-- COLLECTED MATERIAL --
________________________
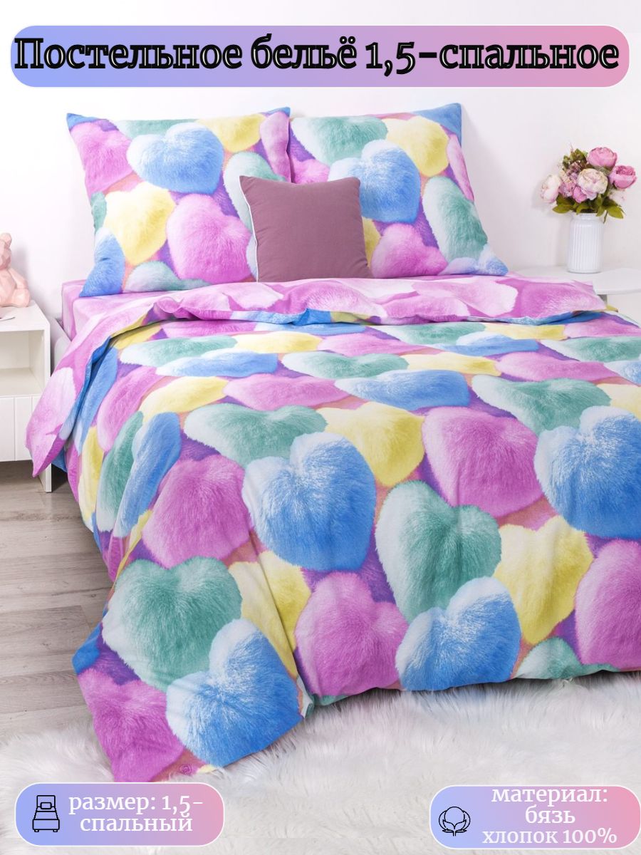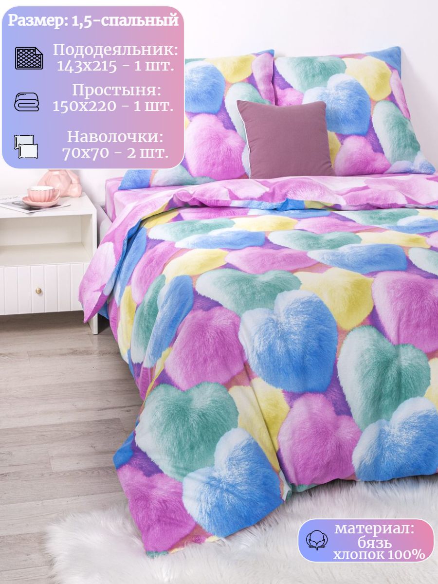 120 / разноцветный / Шери / Сердце / 1250 / ивановский текстиль / Полуторный / 143x215 / 1 пододеяльник, 1 простыня, 2 наволочки / 150x220 / Средняя / Унисекс / 4
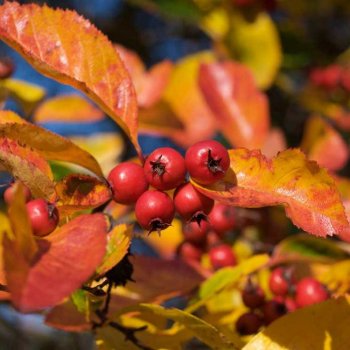 Amelanchier lamarckii is a tough yet elegant, small bushy tree with star-shaped white flowers. April brings a profusion of these flowers, along with bronze-tinged green young leaves, that turn a striking red colour in autumn. Edible purple-black berries ripen in summer and are popular with hungry birds.
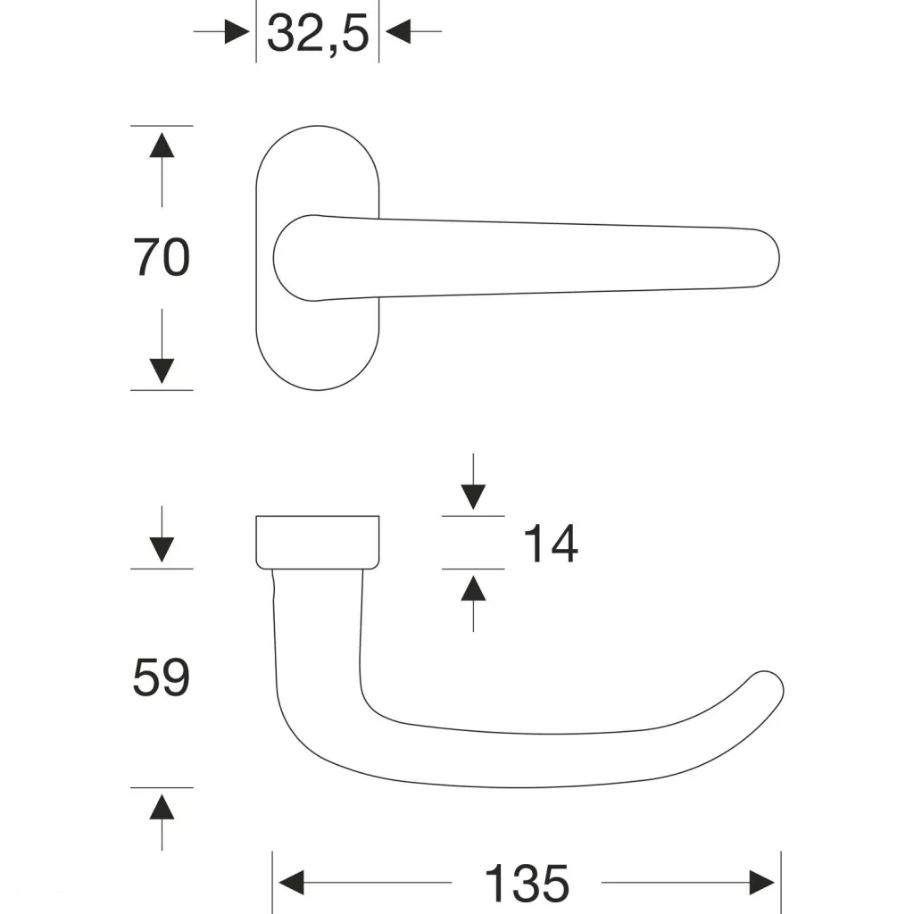 egyenes, ovális rozettás fix forgatható rejtett csavarozás Megjegyzés: Garnitúra: 1 perforált részből és 1 adapter rozettából áll keretezett ajtóhoz
________________________
-- WHAT IS BEING ASKED --
The reply should contain every line of the material exactly, and no images.

-- EXERCISE RESPONSE --
 120 / разноцветный / Шери / Сердце / 1250 / ивановский текстиль / Полуторный / 143x215 / 1 пододеяльник, 1 простыня, 2 наволочки / 150x220 / Средняя / Унисекс / 4
 Amelanchier lamarckii is a tough yet elegant, small bushy tree with star-shaped white flowers. April brings a profusion of these flowers, along with bronze-tinged green young leaves, that turn a striking red colour in autumn. Edible purple-black berries ripen in summer and are popular with hungry birds.
 egyenes, ovális rozettás fix forgatható rejtett csavarozás Megjegyzés: Garnitúra: 1 perforált részből és 1 adapter rozettából áll keretezett ajtóhoz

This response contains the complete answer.